Because of the load distribution in the rDPA array, one serial link at the array boundary is sufficient to configure the complete array. The physical chip boundaries are completely transparent to the user. The communication structure allows dynamic in-circuit reconfiguration of the rDPA array. This implies partial reconfigurability during runtime . Partial reconfigurability is provided since all DPU can be accessed individually. The configurability during runtime is supported because each DPU forwards a configuration word with higher priority than starting with the next operation. The load distribution takes care of that most of the configuration words avoid the part of the rDPA array which is in normal operation. Further the configuration technique allows to migrate designs from a smaller array to a larger array without modification. Even newer generation rDPA chips with more DPUs integrated do not need a recompilation of the configuration data. The configuration is data-driven, and therefore special timing does not have to be considered.
With the proposed model for the DPA, the array can be expanded also across printed circuit board boundaries, e. g. with connectors and flexible cable. Therefore it is possible to connect the outputs of the east (south) array boundary with the west (north) one, to build a torus.
The register file is useful for optimizing memory cycles, e. g. when one data word of a statement will be used later on in another statement. Then the data word does not have to be read again over the external bus. In addition, the register file makes it possible to use each DPU in the rDPA for operations by using the internal bus for routing. If different expressions have a common subexpression, this subexpression has to be computed only once. If the rDPA does not provide the routing capacity for this reduction, e. g. if a subexpression is common to three or more expressions, the interim result can be routed through the register file.
The address generation unit delivers the address for the DPU registers before each data is written into the rDPA over the bus. The addresses of the DPU registers are configured in a way, that the address has to be increased by one only, but it can be loaded directly from the rDPA control unit also.
The rDPA control unit holds a program to control the different parts of the data-driven rALU. The instruction set consists of instructions for loading data into the rDPA array to a special DPU from the external units, for receiving data from a specific DPU, or branches on a special control signal from the host. The rDPA control unit supports context switches between three control programs which allows the use of three independent virtual rALU subnets, which are all configured in the same rDPA array. The control program is loaded during configuration time. The reconfigurable data-driven ALU allows also pipelined operations.

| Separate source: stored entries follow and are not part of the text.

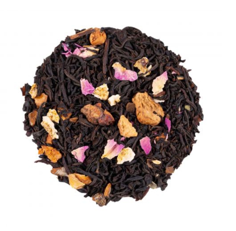 Ingrédients: thé noir Assam, Inde du Sud, écorces d’orange, pomme, bâtons de cannelle, arôme naturel, pétales de rose, cardamome
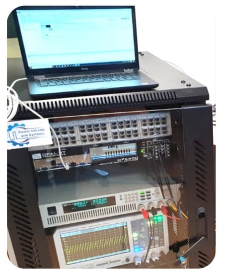 To validate the effectiveness of the proposed controller and the performance of the smart charger, the real-time results are discussed in this section. The setup tests based on the OPAL-RT are represented in Figure 7. The electrical parameters of the suggested EV smart charger are listed in Table 1, and the controller parameters are listed in Table 2. In order to investigate the applicability of the proposed Emergency EV-to-EV battery charger (EPBC), several conditions can be assumed based on the electrical specification of the EV’s battery. For this purpose, three scenarios can be studied based on the voltage of the battery.
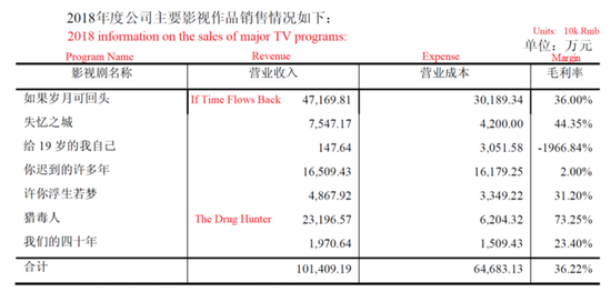 DDMC公布的“如果岁月可回头”总收入为47169万元,“毒猎人”总收入为23196万元。这两个节目对DDMC在2018年的影视媒体部门盈利至关重要。“如果岁月可回头”是主要的收入来源,实现了36.00%的毛利率。“毒猎人”是第六大收入来源,毛利率为73.25%:

A status can be reported to the host to inform about overflows, or to force the host to deliver data dependent addresses. The input FIFO is currently only one word deep for each direction. The datapath architecture is designed for an asynchronous bus protocol, but it can also be used on a synchronous bus with minor modifications of the external circuitry.

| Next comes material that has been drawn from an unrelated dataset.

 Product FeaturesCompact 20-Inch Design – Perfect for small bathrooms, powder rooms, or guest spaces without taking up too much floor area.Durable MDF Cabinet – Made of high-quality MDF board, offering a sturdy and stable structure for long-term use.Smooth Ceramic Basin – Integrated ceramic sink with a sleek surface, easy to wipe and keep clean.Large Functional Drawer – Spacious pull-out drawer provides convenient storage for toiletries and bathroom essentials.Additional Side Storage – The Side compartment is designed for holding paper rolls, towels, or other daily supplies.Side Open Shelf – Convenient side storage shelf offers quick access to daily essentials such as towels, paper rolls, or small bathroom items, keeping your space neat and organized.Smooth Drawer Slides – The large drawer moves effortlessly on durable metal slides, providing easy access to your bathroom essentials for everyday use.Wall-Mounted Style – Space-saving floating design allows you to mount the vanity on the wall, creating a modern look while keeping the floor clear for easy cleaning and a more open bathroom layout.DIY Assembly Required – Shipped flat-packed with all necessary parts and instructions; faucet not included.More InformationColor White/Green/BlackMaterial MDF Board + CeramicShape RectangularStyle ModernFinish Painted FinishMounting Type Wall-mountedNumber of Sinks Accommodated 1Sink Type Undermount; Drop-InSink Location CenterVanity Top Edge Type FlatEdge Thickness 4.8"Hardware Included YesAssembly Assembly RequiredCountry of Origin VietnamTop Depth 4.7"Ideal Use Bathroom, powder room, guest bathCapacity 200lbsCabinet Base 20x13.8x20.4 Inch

The rALU programming language is parsed. A data dependency analysis is performed to recognize possible parallelization and to find dependencies between the statements. The statements are combined to larger expressions and a data structure which is a kind of an abstract program tree is built (figure 7). Then the data structure is mapped onto the rDPA array structure. The mapping algorithm starts at the leaf cell nodes of the data structure for each expression. These nodes are assigned to DPUs in a first line of the rDPA array. A second line starts if there is a node of higher degree in the data structure. The degree of a node increases if both sons of the node are of the same degree. After that the mapped structure is shrunk by removing the nodes which are used only for routing. There are several possibilities for the mapping of each expression. Finally the mapped expression with the smallest size is chosen. Figure 7 shows an example of the mapping. Now the mapped expressions are allocated in the rDPA array, starting with the largest expression. If the expressions do not fit onto the array, they are split up using the global I/O bus for routing. If the number of required DPUs is larger than the number of DPUs provided by the array, the array has to be reconfigured during operation. Although this allocation approach gives good results, future work will be done in the optimization of this algorithm to incorporate the scheduling process for advance timing forecast.

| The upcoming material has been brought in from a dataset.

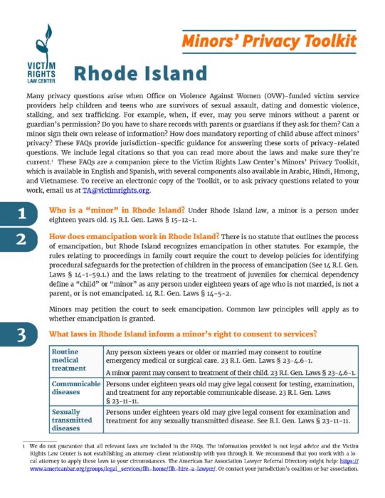 These FAQs provide guidance for answering the many privacy questions that arise when victim service providers help children and teens who are survivors of sexual assault, dating and domestic violence, stalking, and sex trafficking.
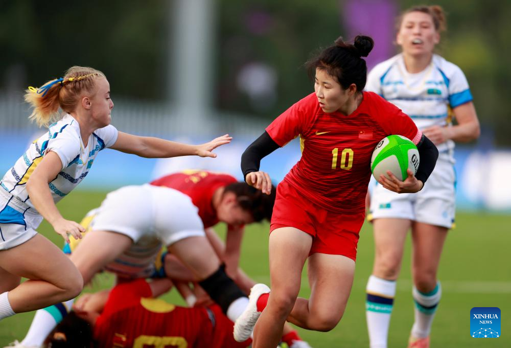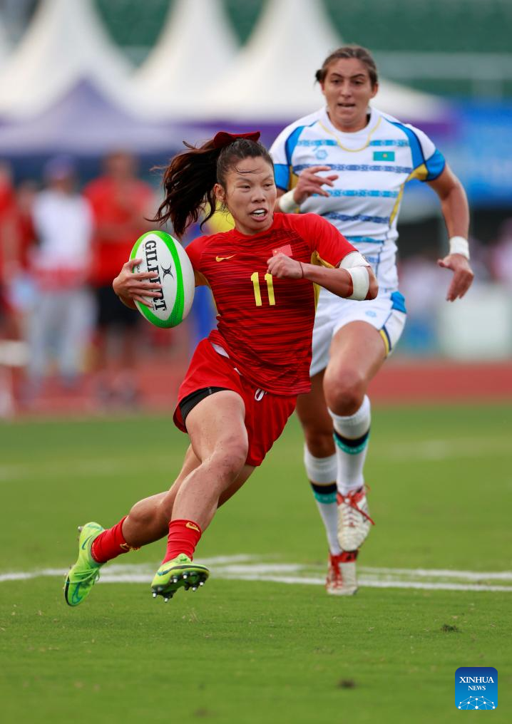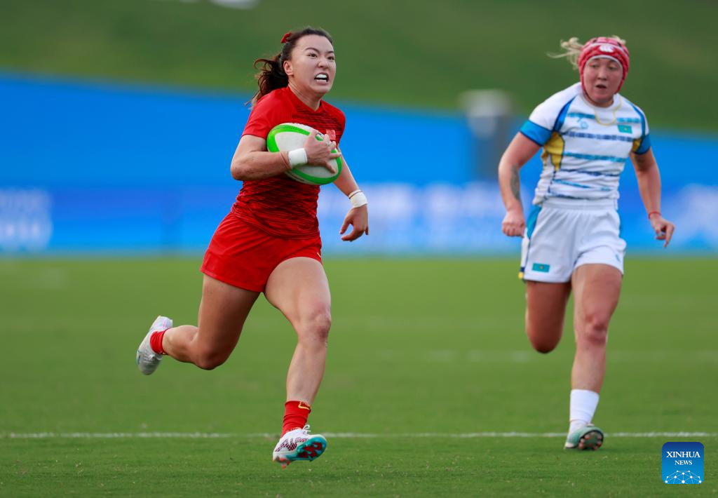 Liao Jiuli (R, front) of China competes during the Women's Pool E match of Rugby Sevens between China and Kazakhstan at the 19th Asian Games in Hangzhou, east China's Zhejiang Province, Sept. 24, 2023. (Xinhua/Ren Zhenglai)

Due to the global I/O bus of the rDPA array, the loading of the data and the storing are restricted to one operation per time. An optimal sequence of these I/O operations has to be determined. Returning to the example in figure 8, starting with loading the variables c and d is better than starting with h because the multiplication of c and d is in the critical path. The operators do not have to be scheduled, since they are available all the time. The operands have to be scheduled with the additional restriction that operands used more than one time have to be loaded several times at consecutive time steps. So the same variable does not have to be loaded twice via the global I/O bus. For example, when the variable c is scheduled, the c of the multiplication and the c of the last addition have to be loaded in direct sequence. To find the time critical operations, first an 'as soon as possible' schedule (ASAP) and an 'as late as possible' schedule (ALAP) are performed. No other resource constraints like only a single I/O operation at a time are considered at this moment. For simplicity in our example, all operations, including the route operations (rt) are assumed to need a single time step for finishing in the worst case. The multiplication is assumed to need six time steps. The rALU compiler considers the real time delays in the worst case. Due to the self timing of the data-driven computation, no fixed time step intervals are necessary. Figure 8 shows the ASAP and ALAP schedules for the program example.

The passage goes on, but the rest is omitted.